Before HIF-1 was found, HRE had been identified in the 3′-enhancer region of the erythropoietin gene, whose transcription is up-regulated by more than 100-fold by severe hypoxia. Hypoxia, or inadequate oxygenation, causes various responses within the body. Its effects are usually mediated via the activation of hypoxia inducible factor 1 (HIF-1). HIF-1 activation can lead to up-regulation of various genes such as erythropoietin and growth factors that help tissues adjust to the decreasing oxygen availability. Another key molecule within this hypoxia-induced response is the presence of nitric oxide [NO]. NO is a ubiquitous gaseous molecule within our body.
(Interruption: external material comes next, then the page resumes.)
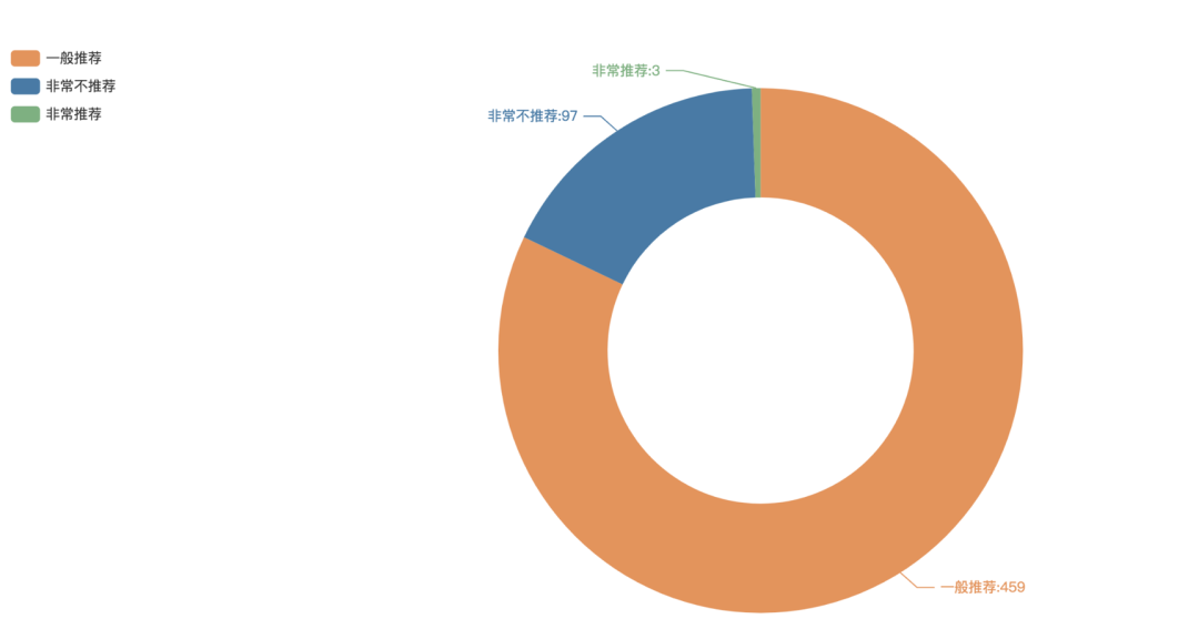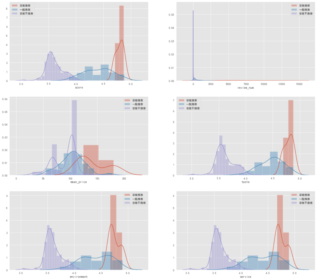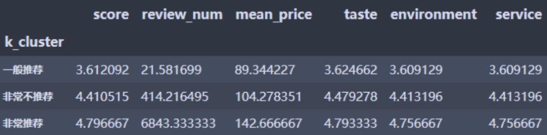 聚类分析用于将样本做群集划分,同一集群内成员的相似性要愈高愈好, 而不同集群间成员的相异性则要愈高愈好。我们使用Python进行了K-means聚类,对数值型变量:得分、评论数、平均价格、口味、环境、服务评论做群集划分,这里取K为3。得到以上三群,其中非常推荐的数量有3家,一般推荐的459家,非常不推荐的有97家。我们看一下这三群的描述性统计:

It is synthesized by nitric oxide synthases (NOS) and its release can be stimulated as a result of inflammatory responses, sympathetic activation and drop in oxygen levels [5]. Increase of HIF-1 translocates to the nucleus, dimerizes with the alpha subunit, and activates the transcription of a number of target genes displaying an HRE shape. Nuclear localization signal (NLS) domains in the alpha and beta subunit confer autonomous translocation into the nucleus 248 [8, 9, 10].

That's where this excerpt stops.